I wanted to say something like, Remember when we were 11 and I fell out of that tree you told me not to climb during recess and landed on my back so hard I couldn’t breathe and the school nurse said I did it to myself and you called her a cunt to her face and we both got detention?
As if we could get back there.
Instead I said, “If you weren’t such a drunk whore I’d still have a husband and we never would’ve met Jules and Colin and none of this would’ve happened.”
She said, “Oh,” in a half-sarcastic way that, in its attempt to hide real pain, only confirmed it, and got out of the car.
Jules, who I’d forgotten about, went after her. He waved at me feebly from the sidewalk, wearing a downtrodden expression that reminded me of that old labrador. A memory surfaced of him back at the bar, telling with the great care of divorced experience, Don’t worry, you didn’t miss much about marriage.
◆
I drove the three hours right back to the motel where I’d left Colin, figuring he wouldn’t have made much progress. If he wasn’t at the motel, he’d be no further than the nearest bar. I spotted him from behind by his neck tattoo, in a strip mall across the street from the motel. He’d been to prison once. Jules had been his public defender; that was how they’d met.
I stopped in the fire lane, my tires resting in a puddle of slush. Colin stood in front of a long-closed Blockbuster, looking at a poster for some forgotten Mark Wahlberg vehicle. “Marky Mark,” Colin said, seeing my approach reflected in the window. “I heard he’s related to Nathaniel Hawthorne. Isn’t that the most Massachusetts shit ever? From Goodman Brown to Good Vibrations in less than 200 years.”
“Goodman Brown,” I said, trying to place it in my memory.
“What? I know how to fuckin’ read,” said Colin. I loved his uselessness. Here was a man far too abstract to be killed by anything so real as an oyster.
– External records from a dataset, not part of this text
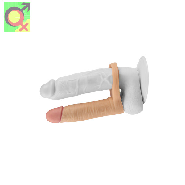 Реалистичная насадка для двойного проникновения с 10 режимами вибрации, крепится с помощью петли на пенис
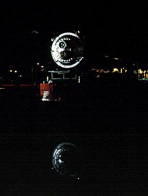 Reflections of a Daylight - the smokebox of SP 4449 reflects in a puddle during the overnight layover at Yakima, Washington.
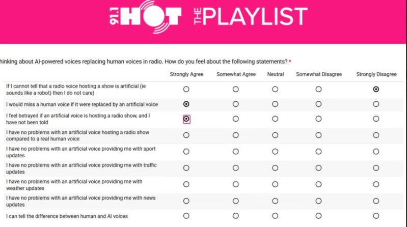 The survey also contains a number of statements that test whether listeners “have no problems” with an AI voice presenting sport updates, traffic updates, weather updates, or news updates.
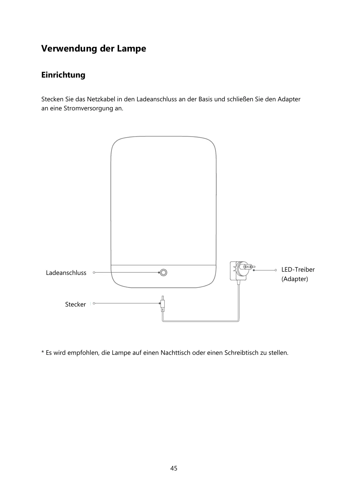 * Es wird empfohlen, die Lampe auf einen Nachttisch oder einen Schreibtisch zu stellen.

We resumed trying to leave the state, confident we’d find a gap to slip through. We followed signs to not-too-far places like Woonsocket or Portsmouth or Albany, caught in a groove, running the same roads smooth. He recited facts about Massachusetts from a brochure he’d picked up in the movie theater.
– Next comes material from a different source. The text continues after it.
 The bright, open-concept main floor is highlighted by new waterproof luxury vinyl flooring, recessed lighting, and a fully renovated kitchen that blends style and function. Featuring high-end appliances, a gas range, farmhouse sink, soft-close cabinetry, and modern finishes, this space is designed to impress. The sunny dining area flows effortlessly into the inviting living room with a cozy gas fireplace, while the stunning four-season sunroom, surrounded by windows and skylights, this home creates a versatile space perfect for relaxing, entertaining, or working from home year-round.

“Bigger than Israel by land mass,” he said. “Albania, too.”
One night we went east, thinking we’d escape by sea. We drove through a neighborhood at the end of the continent that seemed abandoned, with no lights on in any windows or cars in any driveway. Colin asked if I’d like to save some money. I said the houses looked haunted. Colin said we were basically ghosts ourselves. I had no real argument for that.
He took my husband’s crowbar from the trunk and pried a board off a window. He was inside so long I worried he’d succumbed to the house’s dubious structural integrity or squatters. I considered leaving and calling Lily, taking it all back. Then he reappeared and I un-considered it.
He brought me in through what was once a kitchen. Our flashlight caught glimpses of crushed beer cans and snow drifts. We sneezed. The ground floor had a similar layout to the apartment I’d shared with my husband, the rooms likewise sized and ordered. Colin swept aside debris to reveal stained hardwood. As I shucked off my coat my husband’s pearl slipped out from a crumpled pocket into a gap between the floorboards. I grasped after it, then watched it go, rolling rolling clack clop clack and gone.
I slid into the coarse polyester sleeping bag shell beside Colin. We fit nicely. I felt an unknown but imminent transition, a sea change. We were so close to the water.
Colin reorganized himself against me. “I figured out how you did it,” he said. “Your husband. It wasn’t poison. It was much more sophisticated, far more subtle, this weapon of love. But don’t worry. Your secret’s safe with me.”